RECORDS FOR THIS TASK:
-------------------------
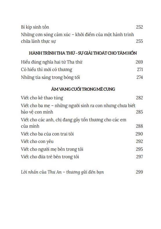 Bằng câu từ chân thật và đầy cảm xúc, cuốn sách dẫn dắt người đọc đi qua các chương đầy ám ảnh, cho đến hành trình đau đớn để tự m.ình phá vỡ “vết cắt xuyên thế hệ”. Đó là hành trình trở về với chính m.ình, với cảm xúc thật, giá trị thật và giấc mơ được sống đúng là m.ình.
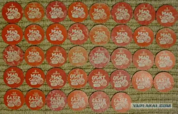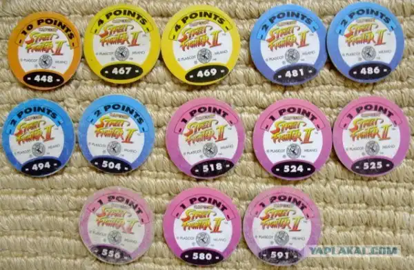 да, я могла целыми днями играть, забывая про обед и ужин. Пластиковые ценились, но их надо было легонько бить) И еще у нас на асфальте было только три ровных места, без камешек) А если маленькая фишка попадалась, то ее обычно вниз стопки ложили, чтобы когда бьешь не выскакивала)
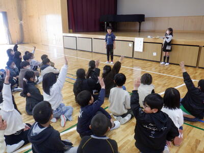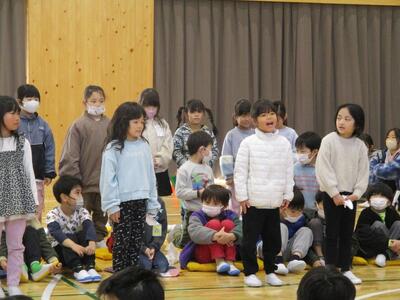 節分に合わせて学年集会を開きました。司会進行、発表、合奏等こどもたちが運営しました。2年生に向けて、よいステップとなりました。
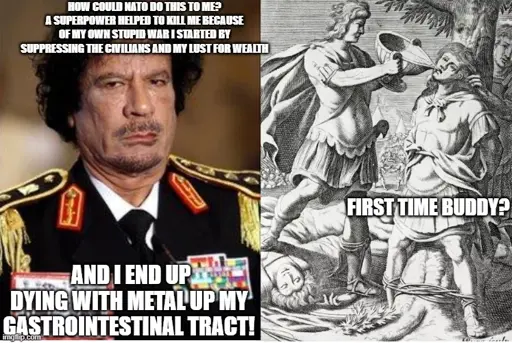 Explanation: On the left is the immensely corrupt Libyan dictator Muammar Gadaffi, who met his end fleeing from insurgents who he had initially provoked with his tyrannical behavior seeking personal wealth and privilege, but who ended up backed by NATO and the UN. They opted to bayonet him quite literally up his ass. An unpleasant way to go.
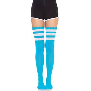Leg Avenue Meias femininas atléticas com nervuras na altura da coxa com três listras, Azul neon, Tamanho único
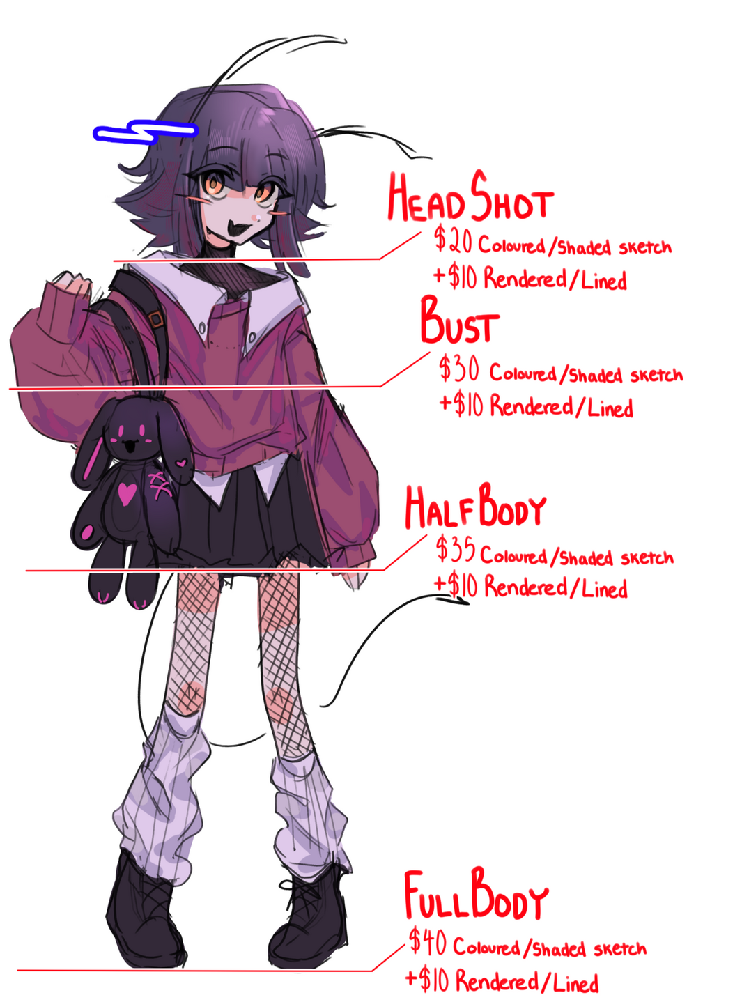 ・ As the artist, I maintain all rights to my work. This includes posting to my socials, and adding it as a part of my portfolio.・My work is for personal use only unless given explicit permission.・No refunds after the sketch phase.・ I maintain the right to cancel the commission if the commissioner is acting inappropriately.・Payment must be sent through Paypal in full before or at sketch approval・All major changes have to occur during the sketch phase. Any major changes after the sketch phase will incur a separate fee.・ Neither Commissioner nor anyone is allowed to alter, trace, copy the finished product.・Do not claim my art as your own.
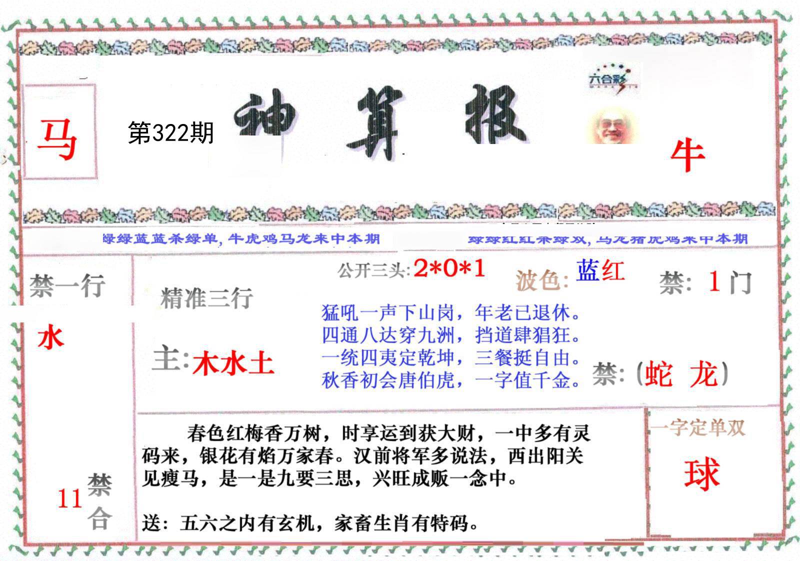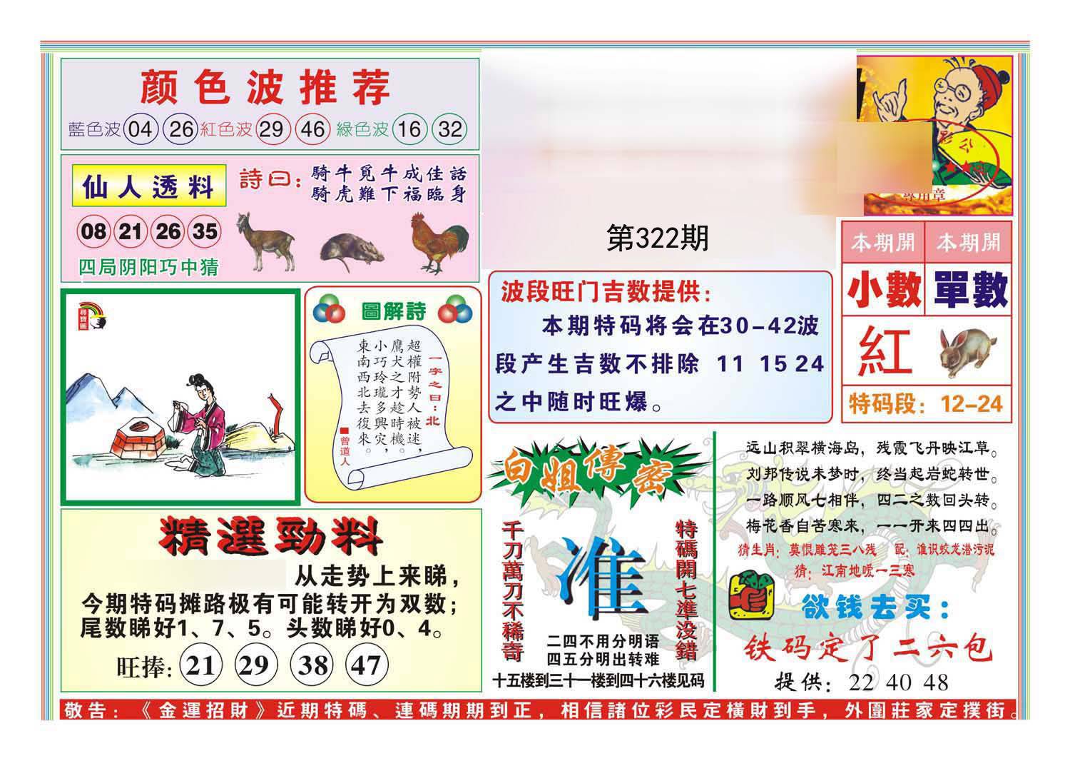 | 322期;绝杀【红波】绝杀【1头】开:?00 |
-------------------------
Each entry is to be returned precisely as it appears, but the pictures are to be dropped.

 Bằng câu từ chân thật và đầy cảm xúc, cuốn sách dẫn dắt người đọc đi qua các chương đầy ám ảnh, cho đến hành trình đau đớn để tự m.ình phá vỡ “vết cắt xuyên thế hệ”. Đó là hành trình trở về với chính m.ình, với cảm xúc thật, giá trị thật và giấc mơ được sống đúng là m.ình.
 да, я могла целыми днями играть, забывая про обед и ужин. Пластиковые ценились, но их надо было легонько бить) И еще у нас на асфальте было только три ровных места, без камешек) А если маленькая фишка попадалась, то ее обычно вниз стопки ложили, чтобы когда бьешь не выскакивала)
 節分に合わせて学年集会を開きました。司会進行、発表、合奏等こどもたちが運営しました。2年生に向けて、よいステップとなりました。
 Explanation: On the left is the immensely corrupt Libyan dictator Muammar Gadaffi, who met his end fleeing from insurgents who he had initially provoked with his tyrannical behavior seeking personal wealth and privilege, but who ended up backed by NATO and the UN. They opted to bayonet him quite literally up his ass. An unpleasant way to go.
Leg Avenue Meias femininas atléticas com nervuras na altura da coxa com três listras, Azul neon, Tamanho único
 ・ As the artist, I maintain all rights to my work. This includes posting to my socials, and adding it as a part of my portfolio.・My work is for personal use only unless given explicit permission.・No refunds after the sketch phase.・ I maintain the right to cancel the commission if the commissioner is acting inappropriately.・Payment must be sent through Paypal in full before or at sketch approval・All major changes have to occur during the sketch phase. Any major changes after the sketch phase will incur a separate fee.・ Neither Commissioner nor anyone is allowed to alter, trace, copy the finished product.・Do not claim my art as your own.
 | 322期;绝杀【红波】绝杀【1头】开:?00 |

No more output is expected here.